Netea and his team found that mice with familial hypercholesterolemia died more
easily than normal mice.22 Serious infections caused by Candida albicans are
rare in normal human beings; however, they are
mainly
seen in patients treated with immunosuppressive drugs,
but the finding shows that we need more knowledge in this area. However, the
many findings mentioned above indicate that
the
protective effects of the blood lipids against infections in human beings seem
to be greater than any possible adverse effects.
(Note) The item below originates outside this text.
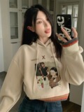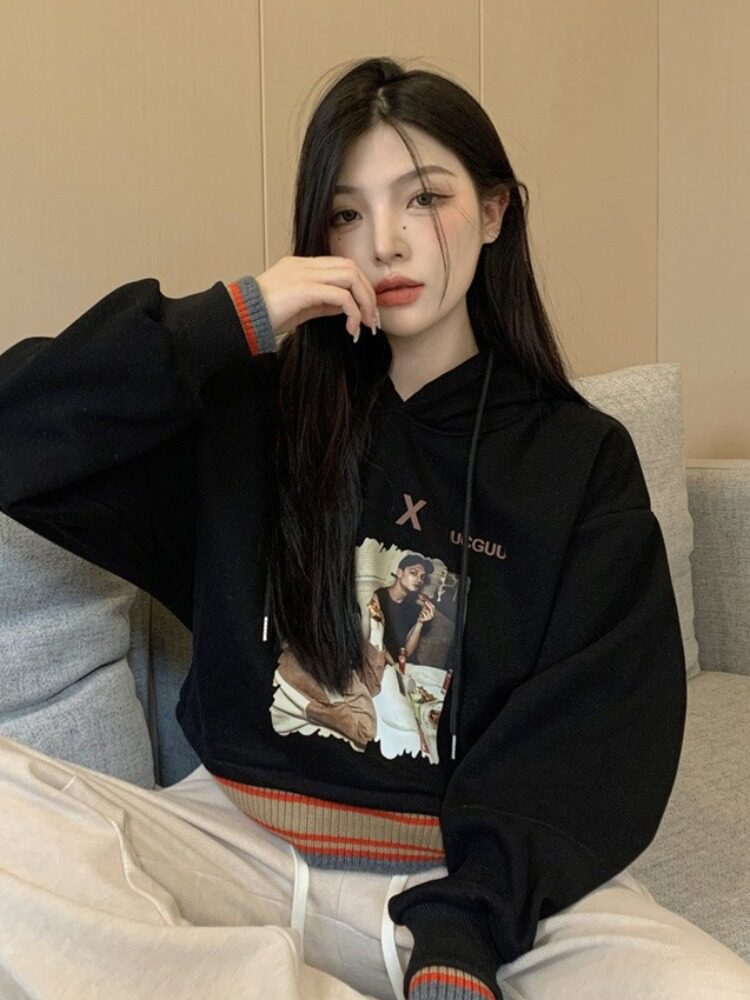 Красная короткая осенняя толстовка с капюшоном, ретро лонгслив, куртка, высокая талия, свободный крой, подходит для подростков, в американском стиле

Cholesterol as a Risk Factor
Most studies of young and middle-aged men have found high cholesterol to be a
risk factor for coronary heart disease, seemingly a contradiction to the idea
that high cholesterol is protective. Why is high cholesterol a risk factor in
young and middle-aged men? A likely explanation is that men of that age are
often in the midst of their professional career. High cholesterol may therefore
reflect mental stress, a well-known cause of high cholesterol and also a risk
factor for heart disease. Again, high cholesterol is not necessarily the direct
cause but may only be a marker. High cholesterol in young and middle-aged men
could, for instance, reflect the body's need for more cholesterol because
cholesterol is the building material of many stress hormones. Any possible
protective effect of high cholesterol may therefore be counteracted by the
negative influence of a stressful life on the vascular system.
Response
to Injury
In 1976 one of the most promising theories about the cause of atherosclerosis
was the Response-to-Injury Hypothesis, presented by Russell Ross, a professor of
pathology, and John Glomset, a professor of biochemistry and medicine at the
Medical School, University of Washington in Seattle.23,24 They suggested that
atherosclerosis is the consequence of an inflammatory process, where the first
step is a localized injury to the thin layer of cells lining the inside of the
arteries, the intima. The injury causes inflammation and the raised plaques that
form are simply healing lesions. Their idea is not new. In 1911, two American
pathologists from the Pathological Laboratories, University of Pittsburgh,
Pennsylvania, Oskar Klotz and M.F. Manning, published a summary of their studies
of the human arteries and concluded that "there is every indication that the
production of tissue in the intima is the result of a direct irritation of that
tissue by the presence of infection or toxins or the stimulation by the products
of a primary degeneration in that layer."25 Other researchers have presented
similar theories.26 Researchers have proposed many potential causes of vascular
injury, including mechanical stress, exposure to tobacco fumes, high LDL-cholesterol,
oxidized cholesterol, homocysteine, the metabolic consequences of diabetes, iron
overload, copper deficiency, deficiencies of vitamins A and D, consumption of
trans fatty acids, microorganisms and many more. With one exception, there is
evidence to support roles for all of these factors, but the degree to which each
of them participates remains uncertain. The exception is of course LDL-cholesterol.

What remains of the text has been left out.